WHAT THIS TASK INVOLVES. Exactly retype the lines from the top of the data through the line containing "トイレ上部に収納棚がある(確", leaving out every picture.

Dataset entries:

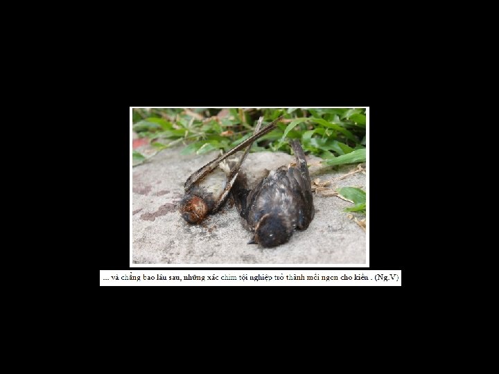 Từ đây tới hết slide show chạy tự động, xin đừng đụng tới keyboard hay mouse Con chim mái nầy bị thương không bay được.
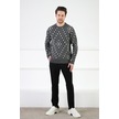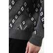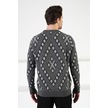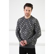 Ferraro Füme Kare Desenli Bisiklet Yaka %100 Kuzu Yün Erkek Kazak Füme
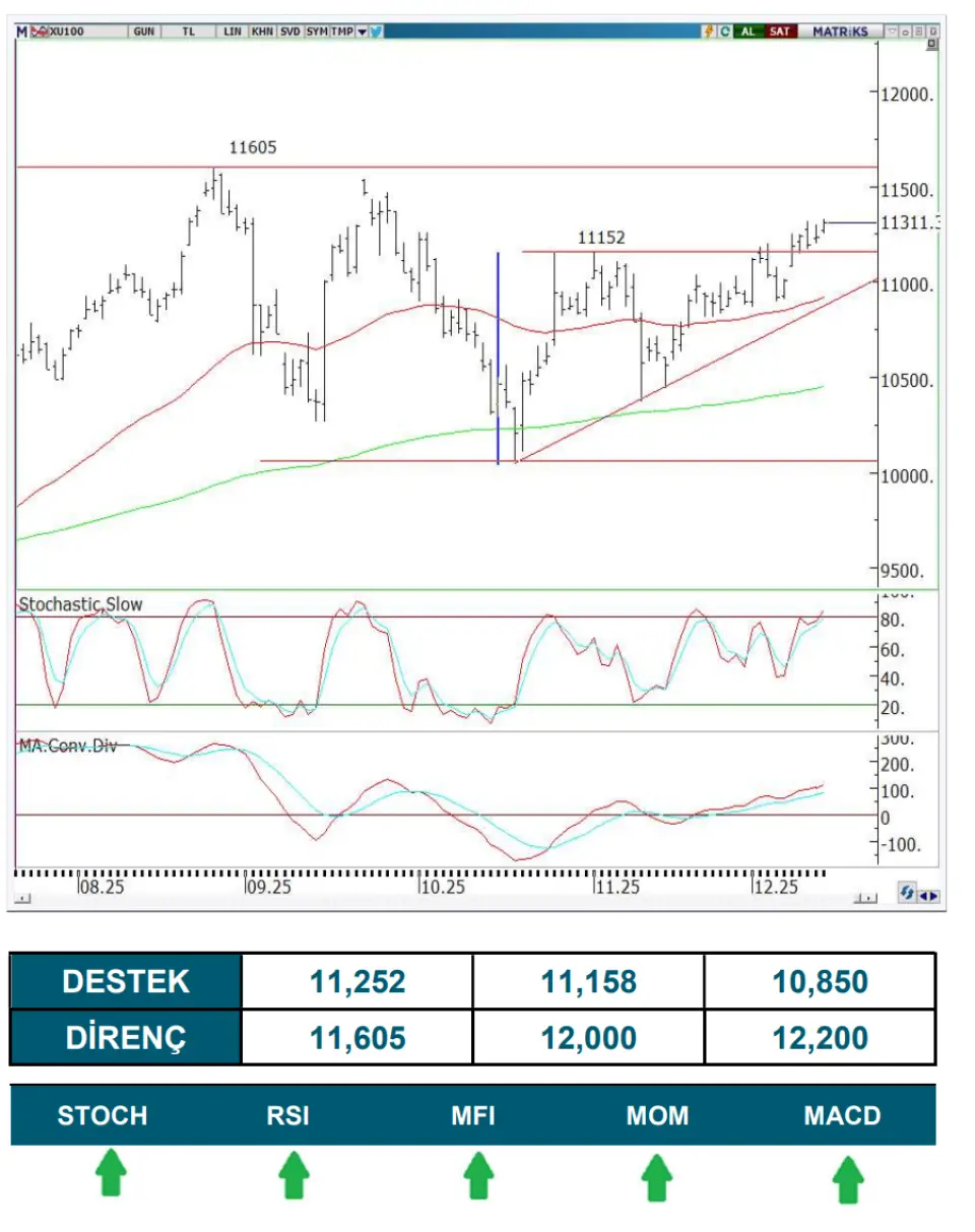 Cuma günü izlenen yukarı yönlü eğri, alım iştahının halen güçlü olduğunu düşündürürken, göstergelerin genelinde yukarı yönlü sinyallerin korunması da bu görüşümüzü destekliyor. Özellikle momentum ve RSI tarafındaki pozitif görünüm, geri çekilmelerin şu aşamada sınırlı kalabileceğine işaret ediyor. Diğer yandan bir önceki tarihi zirve olan 11.252 seviyesinin üzerinde gerçekleşen kapanışı da olumlu buluyoruz. Haftanın ilk işlem gününe alıcılı başlamasını beklediğimiz endekste 11.252 seviyesini artık ilk destek olarak takip edeceğiz. Bu seviyenin üzerinde kalındığı sürece mevcut yükseliş eğiliminin korunmasını bekliyoruz.
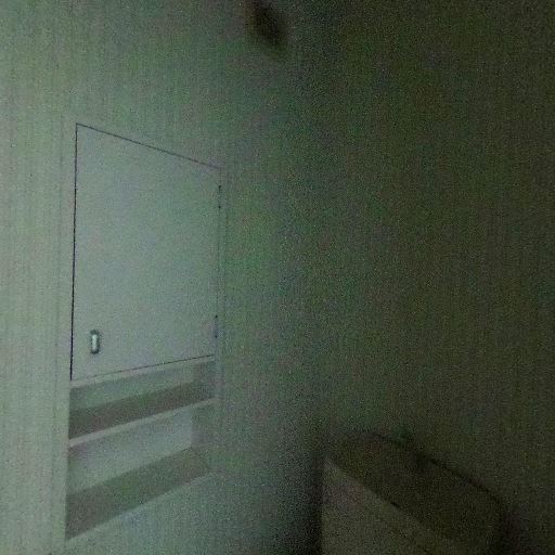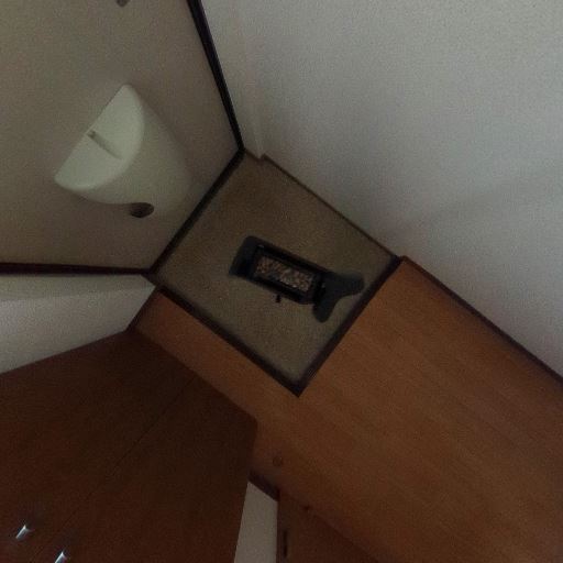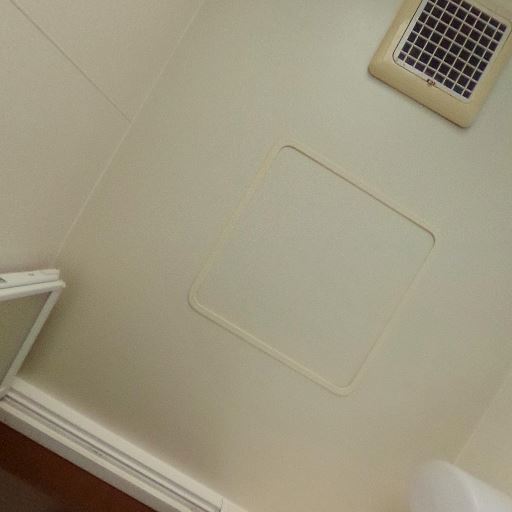 トイレ上部に収納棚がある(確度90%):壁面に埋め込み型または浅型の収納棚が設置されており、トイレットペーパーや掃除用品の保管に使えそうです。
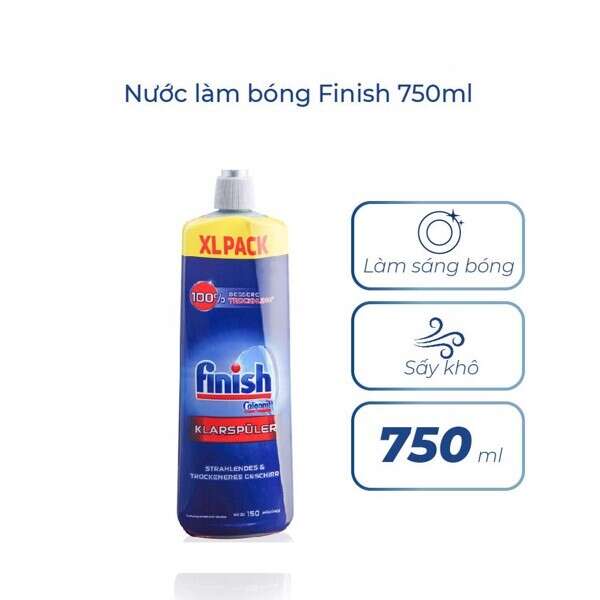 Không những thế chúng còn làm cho những dụng cụ nhà bếp không bị mờ khi rửa nhiều trong máy mà chúng sẽ trở nên sáng bóng và sạch sẽ hơn. Đặc biệt nước làm bóng và khô chén, đĩa Finish Dishwasher Shine & Dry Regular sẽ hỗ trợ cho quá trình sấy khô được nhanh hơn, sáng bóng hơn, chén đĩa sẽ được sấy khô hoàn toàn và lưu lại hương thơm tươi mát dài lâu.
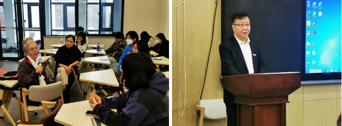 会上,李庆明代表学院对凯琳娜·马丁教授的到来表示热烈欢迎,同时介绍了凯琳娜·马丁教授的教育背景及生活经历,凯琳娜·马丁教授文理双全,拥有医学博士及文化研究博士双学位,精通英语和汉语,对中国传统文化颇有研究。
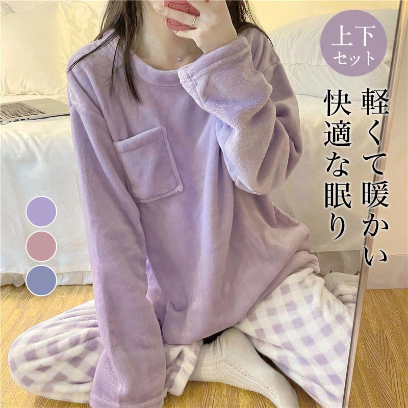 パジャマ レディース 上下セット 2点セット 暖かい ルームウエア 女性用 部屋着 保温 秋冬 寝巻き 楽チン 厚手 無地 可愛い 柔らかい 快適
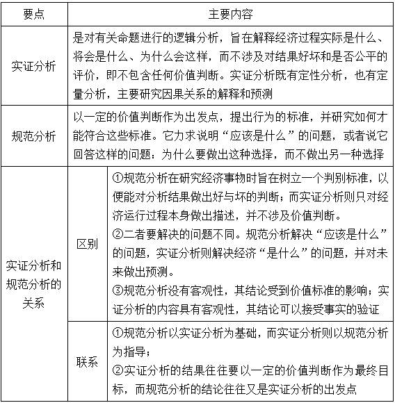 考点二:微观经济学的分析方法——实证分析和规范分析(见表1-2) ★★
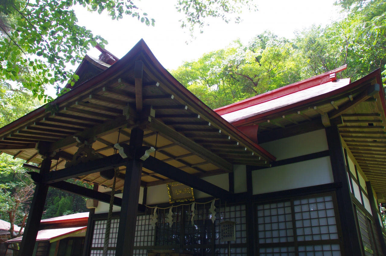 建物が見えてきました。天照山神社です。アジサイが綺麗。御神木の大木が生えています。手水舎に水がほとばしっていました。我が身を清めつつ、このお水を頂きました。おいしかった。お参りしました。- 旅行時期
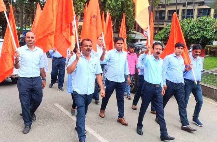 भारतीय मजदूर संघ से संबद्ध सीसीएल कोलियरी कर्मचारी संघ (सीकेएस) ने शुक्रवार को दरभंगा हाउस में कोयला कर्मचारियों की 17 सूत्री मांगों को लेकर धरना दिया. वहीं, कोल इंडिया की सभी अनुषंगी इकाइयों में सभा व खदान परिसर के अगल-बगल गांवों में जन जागरण कार्यक्रम सह नुक्कड़ सभा की गयी. प्रदर्शन के बाद कोयला मंत्री जी किशन रेड्डी तथा कोयला सचिव विक्रम देवदत्त के नाम कंपनी के महाप्रबंधक कार्मिक मानव संसाधन को ज्ञापन सौंपा गया.कोयला उत्पादन में नियमित कर्मचारियों की भागीदारी न्यूनतम 50 फीसदी करने की मांग
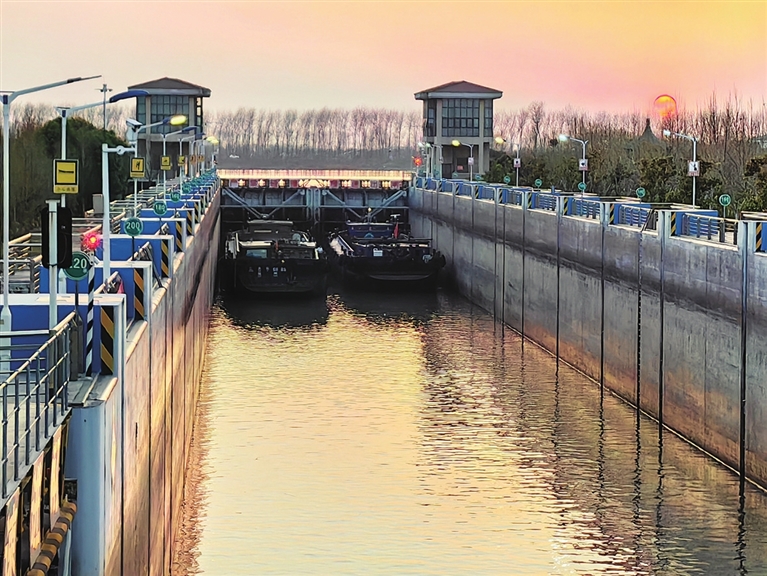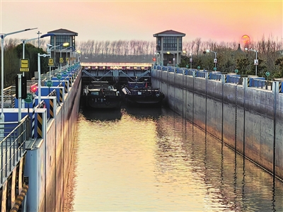 截至12月24日,运东船闸今年以来已累计安全开放5988个闸次,放行各类船舶22264艘,货物通过量1020.1万吨 ,为里下河地区生产生活物资供应提供了重要的服务保障。图为运东船闸运行现场。
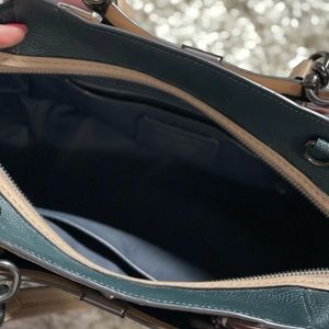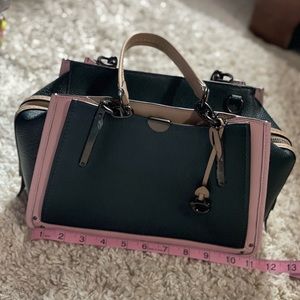 Used once still has plastic on hardware. Color is dark green, mauve boarder and tan zipper and handles. Add to your collection and show this purse your love! ๐ measurements in pictures ๐๐
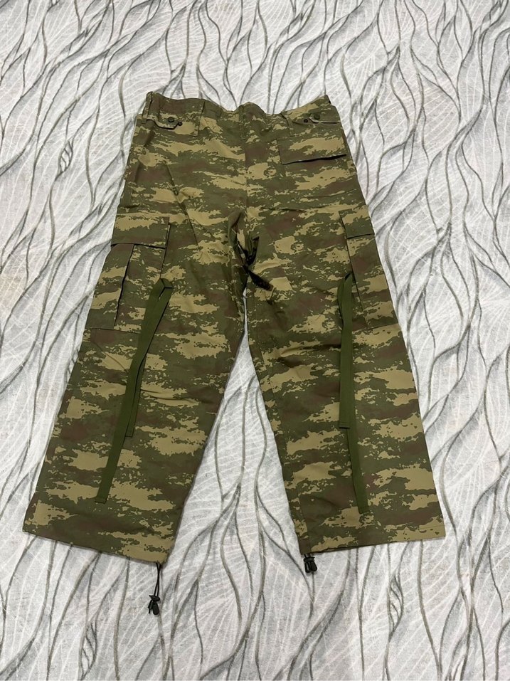 Sentetik kumaştan, koyu haki kamuflaj desenli, kemerli, bol kesim ve midi boy erkek pantolon. Sokak tarzı ve açık hava kullanımı için uygundur.
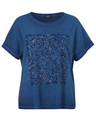 Dit Via Appia Due bovenstuk is een T-shirt in de kleur tinte multicolor. Het shirt heeft een klassieke, ronde hals en korte mouwen met een opgerolde boord. De voorkant is voorzien van een opvallend vierkant dessin van glanzende, donkerblauwe pailletten in een organisch patroon. Dit casual shirt van Via Appia Due heeft een rechte, losvallende pasvorm.
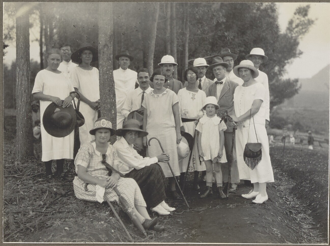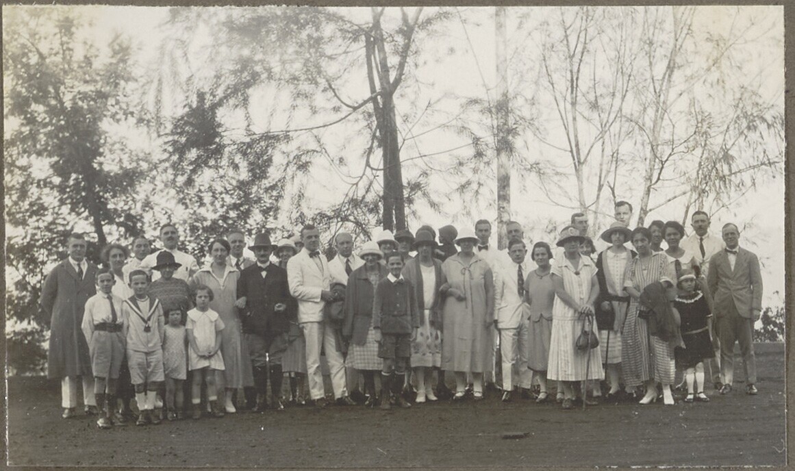 Portret van mannen, vrouwen en kinderen op een grasveld

RESPONSE AREA.
 Từ đây tới hết slide show chạy tự động, xin đừng đụng tới keyboard hay mouse Con chim mái nầy bị thương không bay được.
 Ferraro Füme Kare Desenli Bisiklet Yaka %100 Kuzu Yün Erkek Kazak Füme
 Cuma günü izlenen yukarı yönlü eğri, alım iştahının halen güçlü olduğunu düşündürürken, göstergelerin genelinde yukarı yönlü sinyallerin korunması da bu görüşümüzü destekliyor. Özellikle momentum ve RSI tarafındaki pozitif görünüm, geri çekilmelerin şu aşamada sınırlı kalabileceğine işaret ediyor. Diğer yandan bir önceki tarihi zirve olan 11.252 seviyesinin üzerinde gerçekleşen kapanışı da olumlu buluyoruz. Haftanın ilk işlem gününe alıcılı başlamasını beklediğimiz endekste 11.252 seviyesini artık ilk destek olarak takip edeceğiz. Bu seviyenin üzerinde kalındığı sürece mevcut yükseliş eğiliminin korunmasını bekliyoruz.
 トイレ上部に収納棚がある(確度90%):壁面に埋め込み型または浅型の収納棚が設置されており、トイレットペーパーや掃除用品の保管に使えそうです。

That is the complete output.